14 Jul 08 Cygnet Bay - (below) back to the hub of the pearl farm to the area known as "Divers" where yep you got it - the divers live. Anyway this cairn of rock was made by Ronald the German diver who exercised every day by carrying one rock from this pile to make another cairn somewhere over there...........he ran while doing this by the way..........and this is how Ronald kept fit.
On the right here poor old Jimmy O'Toole fell down a well. Well not really, apparently the boys who live and work at the area called "Divers" had some spare concrete, so, as you do, they made a fictitious headstone for a fictitious Irishman.......... or is that Scotsman.........
14 Jul 08 - Cygnet Bay - (below) another rock for a headstone for an un-named diver, possibly Japanese. But on the right here you can see a very special headstone with carved writing - if I have any friends out there who can read it would you please let margo know what it says.
14 Jul 08 Cygnet Bay - That hill in the picture below below where you can see DB fishing is the one we climbed up to find these headstones. The Dean Murdoch Brown one is that of THE Mr Brown who started the Cygnet Bay Pearl Farm in 1946 with Mrs Brown, he is up there all by himself overlooking the ocean. Bit sad.

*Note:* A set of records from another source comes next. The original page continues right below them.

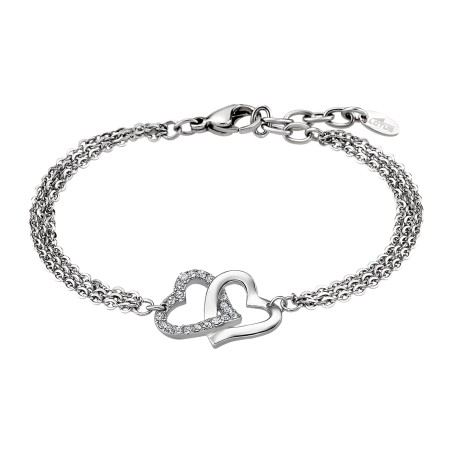 Il se compose d'une chaîne en acier argenté ainsi que d'un motif cœur qui s'entremêlent dont un orné de pierres incolores.
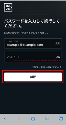 登録済のDAZNアカウント(メールアドレス)とパスワードでログインします。
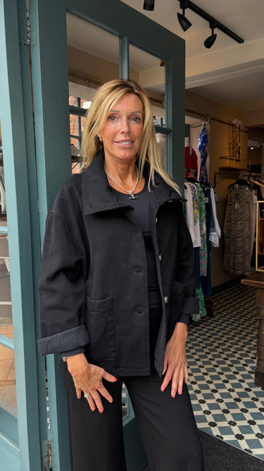 Funnel neck oversized quilted jacket featuring front button fastening, front pockets and military style buttons. It’s a one sized item- fits sizes 10-16.
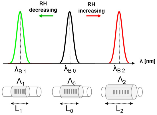 The image shows the lengths and the spatial periods of the gratings, as well as the Bragg wavelengths at three different RH values. The RH variation induces the volumetric expansion (when RH increases) or contraction (when RH decreases) of the hygroscopic material, resulting in the increase of both its length (L2) and of the spatial period of the grating (Λ2) when RH increases, or in the decrease of both its length (L1) and of the spatial period of the grating (Λ1) when RH decreases.
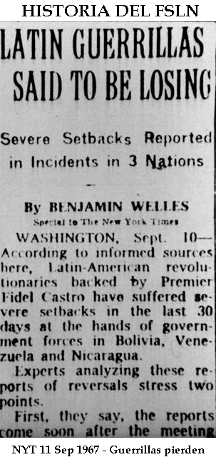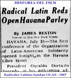 En Julio de 1967, los sandinistas y otros rojos latinoamericanos se reunieron con Fidel en La Habana y se organizaron en OLAS (Organización Latino Americana de Solidaridad), para diseñar toda una estrategia que confrontaría a los Estados Unidos con una serie de guerrillas en América Latina. Ya para octubre de ese año, una serie de guerrillas habían comenzado y fracasado. El Che Guevara fue muerto en Bolivia, los rojos habían sido derrotados en Venezuela y los sandinistas en Pancasán, Nicaragua.
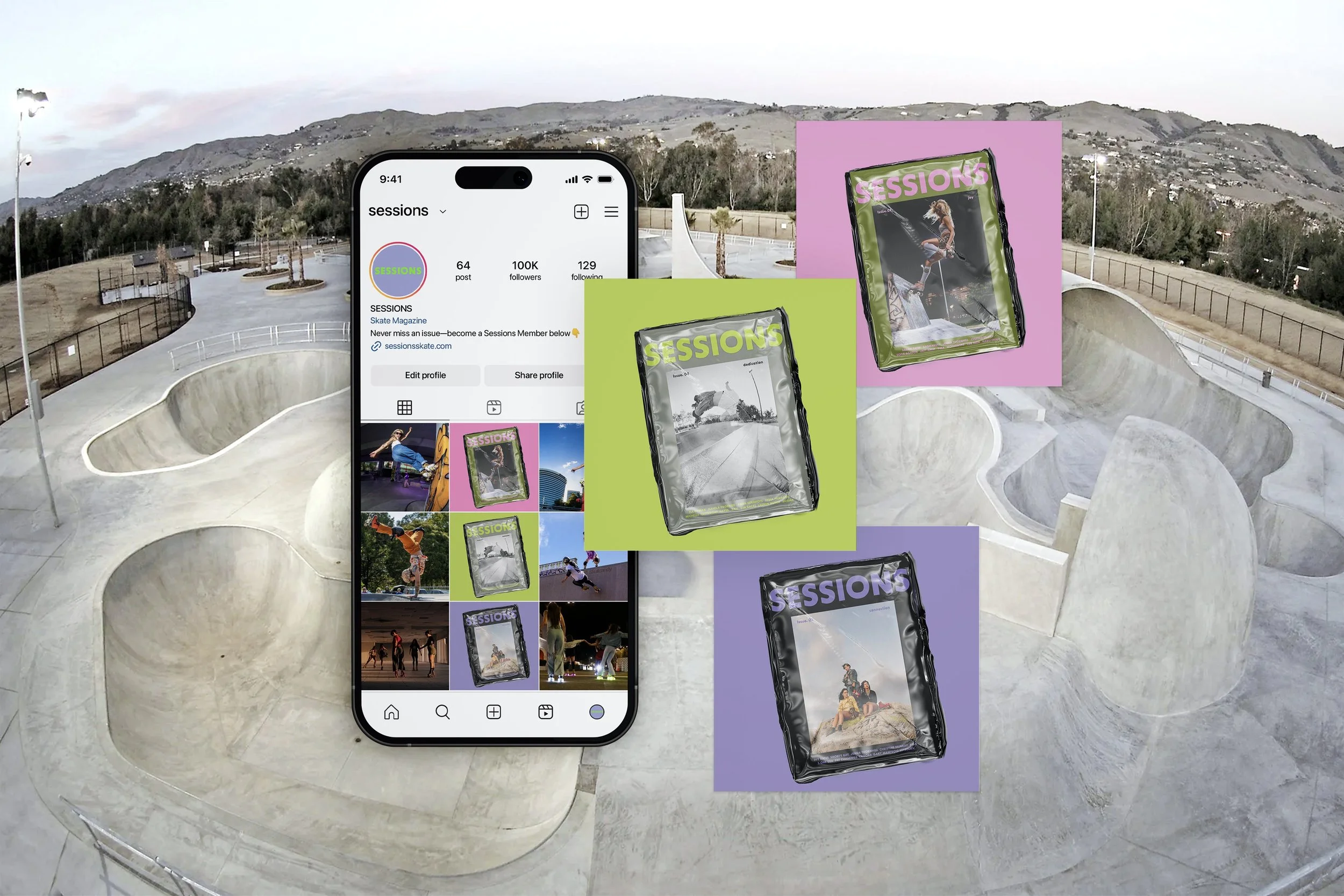 Creating a social media account for Sessions extends the magazine’s visual language beyond print, offering a dynamic platform to showcase each issue’s theme and featured skater. It allows the design system to live in motion, building a cohesive digital presence that mirrors the magazine’s tone. Social media also fosters community engagement, creating space for dialogue, inspiration, and visibility within the skating world and beyond.

The middle headstone is that of the last white hard hat pearl diver - he had been brought out from The Mother Country England as an Able Bodied Seaman diver together with three other English AB Seamen to replace the Japanese divers who were working out of Broome. AB William J Castor served on the HMS Fantome, but it turned out that the Japanese were far better divers than the English and could dive for longer and deeper, it also turns out that Japanese girls are the best of any nationality, creed or colour at pearl diving..............
The right hand rock headstone is that of a Japanese Diver. Only the upper echalon were buried with the privelege of a marble headstone. The officer's were buried with a marble headstone instead of a rock as a marker. The ships they came out from England on could only carry limited numbers of "real" headstones, so the others had to just make do.